For anyone who is a gun enthusiast, I cannot for the life of me figure why you'd ever need or want a gun that shoots hundreds of rounds of ammunition. What would you possibly need a gun like that for? Hunting? Sport? I truly cannot fathom the answer.

For all the fans of the Second Amendment, I do wish that there was a bit more education. It speaks of a "well armed militia." It was written in a time when British Soldiers were being housed in Colonist's homes. And there were no assault rifles. So which militia are you interested in joining?

Want to know where my opinion comes from?

Well, my father was a police officer for 27 years, now works as an investigator with the State's Attorney. He sees the effects of gun ownership every single day and as an adult has shared with me some of the horror he has seen over his career.

I grew up miles from Sandy Hook and all of the landmarks you are seeing on TV are personally familiar to me.

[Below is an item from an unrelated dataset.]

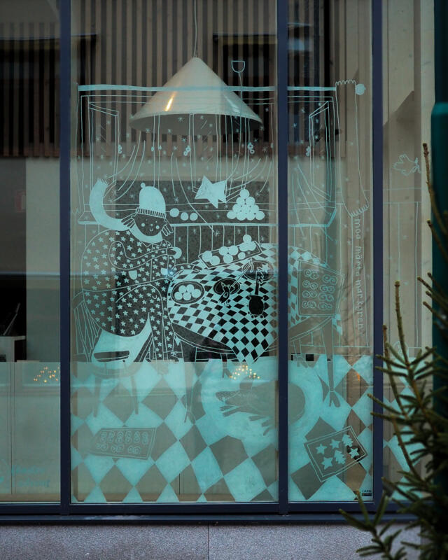 Fönstermålning på uppdrag av Lidköpings konsthall och deras projekt ”Fyra fönster i advent”. Alla fönster målades med vit färg för att de skulle hänga ihop trots de olika konstnärerna som målade dem, och jag målade mitt med poscapennor.

AND the one thing that created my strongest opinion on gun ownership: I was robbed at gunpoint in the lobby of my apartment building in 1996. In the moment that I was looking down the barrel of a semi-automatic handgun while I handed over my car keys, my purse and every bit of identification and every credit card I owned, it made not a speck of difference if the guy pointing a gun at me had a permit or not. (For all I know he obtained it legally at a gun show.) In the many years that have followed, this event never left me, and I will admit it affects me greatly at times. I do hope that this is not something that you have ever had to experience. However, it did raise one question for me that I have yet to find a reasonable answer. Aside from historical value of older guns as antiques, what could possibly draw another human being to want a machine that serves no other purpose than to harm and kill?

Aside from all this, yes it is human nature to want to act, to "do something" to keep our children safe. However, currently, the 'right to bear arms' is infringing upon the right of my children to attend school without fear of a gunman entering the building. Your right to carry a weapon ends at my child's right to live his life in freedom, with liberty, and in pursuit of happiness.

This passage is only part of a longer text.